To remain practical, this system is only suitable for firearms using relatively low pressure cartridges. A cartridge with too high a pressure or a slide with too little mass may cause the cartridge case to extract early, causing a separation or rupture. This generally limits blowback pistol designs to calibers less powerful than 9x19mm Parabellum (e.g., .25 ACP, .32 ACP, .380 ACP, 9x18mm Makarov, etc.), though there are exceptions such as the straight blowback pistols from Hi-Point Firearms which include models chambered in .45 ACP, .40 S&W, .380 ACP and 9x19mm Parabellum. Pure blowback operation can also be found in small-bore semi-automatic rifles and submachine guns, plus some low-velocity cannon and grenade launchers such as the Mk 19 grenade launcher. Most simple blowback rifles are chambered for the .22 Long Rifle cartridge. Popular examples include the Marlin Model 60 and the Ruger 10/22. Some blowback rifles or carbines are chambered for pistol cartridges, such as the 9mm Parabellum, .40 S&W and .45 ACP. Examples include the MP-40 and UZI submachine guns. There were also a few rifles that chambered cartridges specifically designed for blowback operation. Examples include the Winchester Model 1905, 1907 and 1910. A very unusual blowback firearm was created by fitting the M1903 Springfield rifle with a mechanism called the Pedersen device which retrofited a semi-automatic repeating action in the space normally occupied by the bolt of the firearm.
The inertia needed to counteract the force of more powerful cartridges would generally result in an inconveniently massive firearm. For this reason most modern semi-automatic handguns firing high-powered cartridges instead use recoil operation, in which the bolt is mechanically locked at the time of firing rather than relying on its mass to keep it in place. Delayed blowback (see below) is a variation of the blowback system that overcomes the mass issue without fully locking the bolt. Other autoloading firearms with high-powered cartridges may also use one of a variety of non-blowback operations.
Advanced primer ignition (API) blowback
In the API blowback design, the primer is ignited when the bolt is still moving forward before the cartridge is fully chambered Image. In a plain blowback design, the propellant gases have to overcome static inertia to accelerate the bolt rearwards to open the breech. In an API blowback, they also have to do the work of overcoming forward momentum to stop the forward motion of the bolt. Because the forward and rearward speeds of the bolt tend to be approximately the same, the API blowback allows the weight of the bolt to be halved. Because the momentum of the two opposed bolt motions cancels out over time, the API blowback design results in reduced recoil.
According to Anthony G. Williams, the "API blowback principle is used virtually in all sub-machine guns", although "the relatively low pressures and velocities mean that extended chambers and rebated-rim cartridges are not required" for sub-machine guns. In heavier weapons, advanced primer ignition (API) was originally developed by Reinhold Becker for use on the Becker 20-mm automatic cannon.

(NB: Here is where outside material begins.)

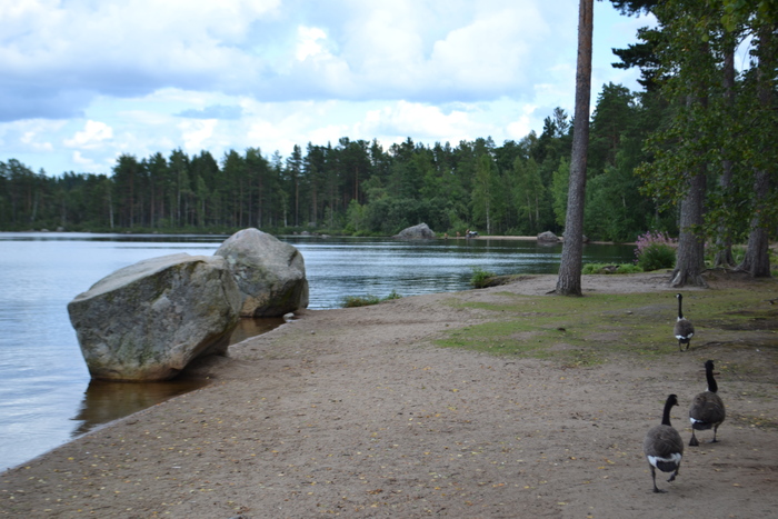 Постепенно становится всё теплее. Вот и граница: добро пожаловать в солнечную Финляндию! Мы едем и едем, Аня наконец расслабилась, улыбается тёплому солнцу. Сворачиваю на берег большого лесного озера с песчаными и безлюдными берегами. Мы пытаемся искупаться голышом, но озеро оказывается очень мелким, чуть выше колена. Зато вода такая теплая! Жизнерадостно плещемся на мелководье, долго вытираемся, вытряхиваем из одежды песок и, освежённые, собираемся в дорогу.
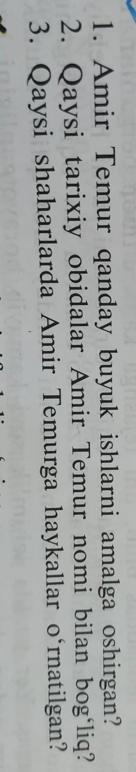 1 Amir Temur shahrisabzda oq saroy qurdirgan.

It became a feature of a wide range of designs that can be traced back to Becker's, including the Oerlikon cannon widely used as anti-aircraft weapons during WWII.

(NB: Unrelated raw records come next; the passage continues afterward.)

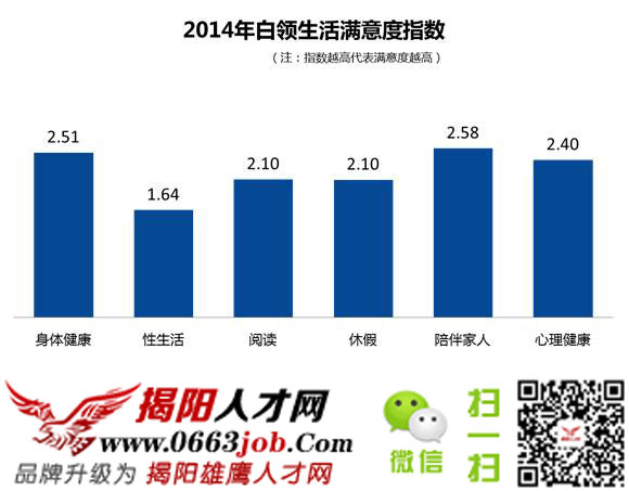 圖為2014年中國白領(lǐng)生活滿意度,中國白領(lǐng)最不滿意的是性生活,滿意度僅為1.64。過半中國白領(lǐng)每月性生活次數(shù)低于1次,其中,46.1%為單身;僅有約1/4的中國白領(lǐng)每周至少過1次性生活。加班、工作壓力較大、出差較多的工作有可能會導(dǎo)致陪伴家人/伴侶的時間大大減少,這也是需要大家考慮的因素之一。
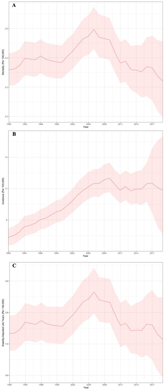 Mortality (A), incidence (B), and DALY rates (C) per 100,000 for EOCRC in Canada between 1990 and 2019.
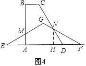 (2)分三种情况讨论:①当0≤x≤2时,如图3,重叠部分的面积为△AFM的面积,②当2<x≤$\frac{10}{3}$时,如图4,重叠部分的面积为五边形GMADN的面积,利用面积差求重叠部分的面积;③当$\frac{10}{3}$<x≤4时,如图5,重叠部分的面积为四边形ADNM的面积,同理可求得面积;
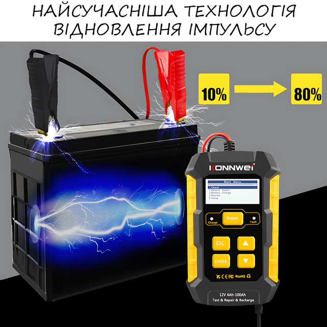 - Функции Konnwei: Виявлення + ремонт + зарядка;

To increase performance of API blowback firearms, larger calibre APIB guns such as the Becker and Oerlikon use extended chambers, longer than is necessary to contain the round, ammunition for APIB firearms come with straight-sided cartridges with rebated rims (the rear of the cartridge case is smaller in diameter than the front). The last part of forward motion and the first part of the rearward motion of the case and bolt happen within the confines of this extended chamber. As long as the gas pressure in the barrel is high, the walls of case remain supported and the breach sealed, although the case is sliding rearwards. This sliding motion of the case, while it is expanded by a high internal gas pressure, risks tearing it apart, and a common solution is to grease the ammunition to reduce the friction. The case needs to have a rebated rim because the front end of the bolt will enter the chamber, and the extractor claw hooked over the rim therefore has to fit also within the diameter of the chamber. The case generally has very little neck, because this remains unsupported during the firing cycle and is generally deformed; a strongly necked case would be likely to split.
The API blowback design permits the use of more powerful ammunition in a lighter gun that would be achieved by using plain blowback, and the reduction of felt recoil results in further weight savings. The original Becker cannon, firing 20x70RB ammunition, was developed to be carried by WWI aircraft, and weighed only 30 kg. Oerlikon even produced an anti-tank rifle firing 20x110RB ammunition using the API blowback operation, the SSG36. On the other hand, because the design imposes a very close relationship between bolt mass, chamber length, spring strength, ammunition power and rate of fire, in APIB guns high rate of fire and high muzzle velocity tend to be mutually exclusive. API blowback guns also have to fire from an open bolt, which is not conducive to accuracy and means they can't be synchronized to fire through a propeller.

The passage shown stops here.